As you print the data below, keep every line exactly as it is and leave the images behind.

* **DATA PROVIDED**

[Start of section]

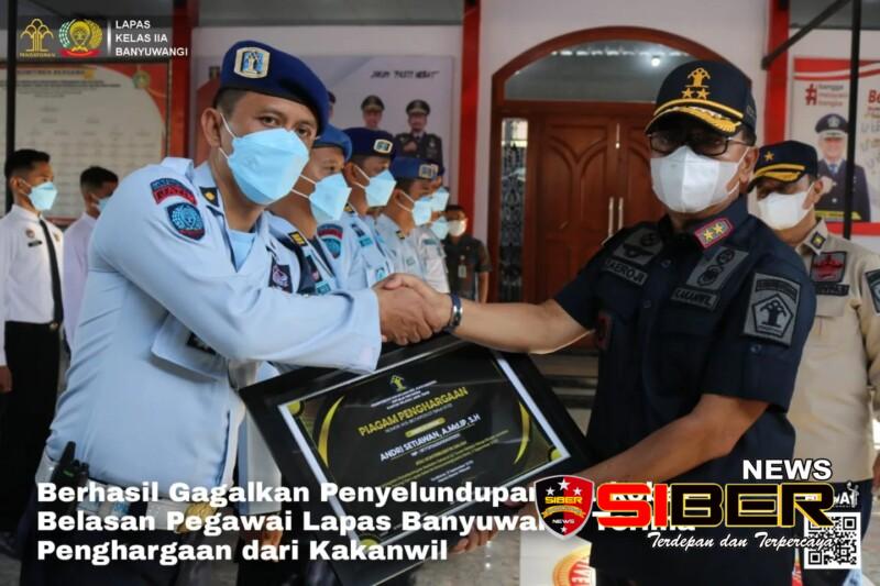 Banyuwangi,SIBERNEWS.CO.ID_Sebanyak 14 orang pegawai Lapas Banyuwangi yang beberapa waktu lalu berhasil menggagallkan upaya penyelundupan narkoba memperoleh penghargaan dari Kakanwil Kemenkumham Jatim Zaeroji. Penyerahan penghargaan dilakukan pada apel bersama sore ini (16/9/2022).
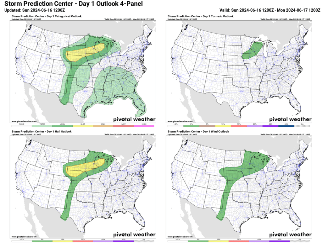 Risque d’orages violents à venir sur les plaines du nord s’étirant au Midwest. Risque tornadique évalué à 5% sur le sud-ouest du Nebraska.
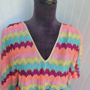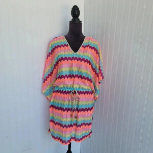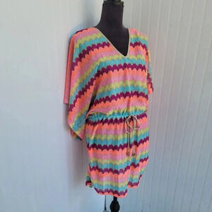 Luli Fama Cabana V-Neck Swim Cover-Up Dress Zig Zag Stripe Nylon Drawstring Sz L

[End of section]

* **EXPECTED ANSWER**
 Banyuwangi,SIBERNEWS.CO.ID_Sebanyak 14 orang pegawai Lapas Banyuwangi yang beberapa waktu lalu berhasil menggagallkan upaya penyelundupan narkoba memperoleh penghargaan dari Kakanwil Kemenkumham Jatim Zaeroji. Penyerahan penghargaan dilakukan pada apel bersama sore ini (16/9/2022).
 Risque d’orages violents à venir sur les plaines du nord s’étirant au Midwest. Risque tornadique évalué à 5% sur le sud-ouest du Nebraska.
 Luli Fama Cabana V-Neck Swim Cover-Up Dress Zig Zag Stripe Nylon Drawstring Sz L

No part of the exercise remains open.